Post féminisme musulman ?
Questionner le concept de féminisme aujourd’hui ? Post féminisme ?
Nous sommes aujourd’hui dans une phase « post » comme dirait Léonardo Boff… C’est l’ère de la post -modernité, du post - libéralisme, post -religieux, post-démocratie et même du post- humain !! … Ceci est assez symptomatique du fait que l’on n’a pas retrouver d’autres mots ou concepts pour notre nouveau contexte et on se sait pas encore comment définir notre moment –temps aujourd’hui…
Avec l’exacerbation mondiale des populismes de tout genre, nationaliste et religieux, le féminisme est durement remis en cause aujourd’hui et a une connotation généralement péjorative dans la majorité des sociétés du Sud comme du Nord (aux Etats Unis et aussi en Europe notamment avec les partis de droite).
Dans les pays arabo-musulmans cette connotation négative est encore plus marquée due essentiellement au fait que le féminisme est abstraitement conçu comme étant d’abord une notion totalement occidentalisée sans aucun enracinement dans la culture d’origine, mais aussi et surtout comme un mouvement qui s’est structurellement fondé contre les hommes, contre la cellule familiale et surtout contre les religions.
Or, et sans entrer dans les détails, il est vrai que les mouvements féministes ont concentré leurs luttes légitimes contre le système patriarcal en général mais pour certaines ce patriarcat était essentiellement représenté par les hommes et par la domesticité aliénante d’une vie confinée à la sphère familiale.

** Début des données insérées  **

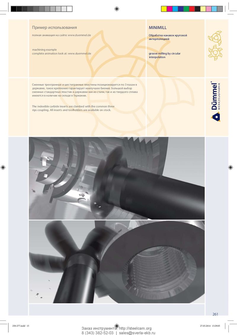 Пример использования MINIMILL полная анимация на сайте: www.duemmel.de Обработка канавок круговой интерполяцией machining example complete animation look at: www.duemmel.de groove milling by circular interpolation Сменные трехгранные и шестигранные пластины позиционируется по 3 пазам в державке, такое крепление гарантирует наилучшее биение. Большой выбор сменных стандартных пластин и державки как из стали, так и из твердого сплава имеются в наличии на складе в Германии. The indexible carbide inserts are clambed with the common three rips coupling. All inserts and toolholders are available on stock. 261 250-277.indd 15 250-277.indd 15 27.03.2014 13:29:05 27.03.2014 13:29:05 Заказ инструмента: http://steelcam.org 8 (343) 382-52-03 | sales@sverla-ekb.ru

Il est vrai aussi que le contentieux historique des femmes avec les religions toutes tendances confondues, n’est plus à démontrer et qu’une grande partie des luttes féministes a fait de la lutte contre le patriarcat religieux l’une de ses plus grands étendards. Et l’une des plus grandes victoires de l’émancipation des femmes a été de se libérer du système oppressif de l’autorité religieuse.
Cependant, toute cette histoire du féminisme ne peut être réduite à ces grands paradigmes classiques, malgré leur importance, et devrait aujourd’hui être comprise, relue et appréhendée à partir des différents contextes et différents systèmes oppressifs qui n’ont pas été pris en compte par la théorie féministe classique.
Si la théorie et les études académiques ont donné un cadre normatif au féminisme sociopolitique occidental et à son identification en tant que tel, il existe d’autres définitions universalistes qui considère que le féminisme est le produit d’une lutte continue de toutes les femmes contre l’oppression patriarcale.
Autrement dit, qu’il s’agit là d’une continuité de cette lutte au cours de l’histoire de l’humanité en dehors d’un contexte historique ou géographique donnés. Certes, les premières luttes « catégorisées » en tant que « féministes » l’ont été en Occident – Europe et Etats Unis d’Amérique - mais cela n’exclut pas le fait que des femmes latino-américaines, asiatiques, africaines, arabes, amazighes ou autres, ont lutté et ne cessent de lutter pour leurs droits et ce sans que leurs contributions n’aient été répertoriées en tant que tel.
Cela veut dire que là où il y a prise de conscience par les femmes d’une oppression et de la nécessité de lutter contre cette même oppression, alors nous sommes dans l’une des expressions du féminisme.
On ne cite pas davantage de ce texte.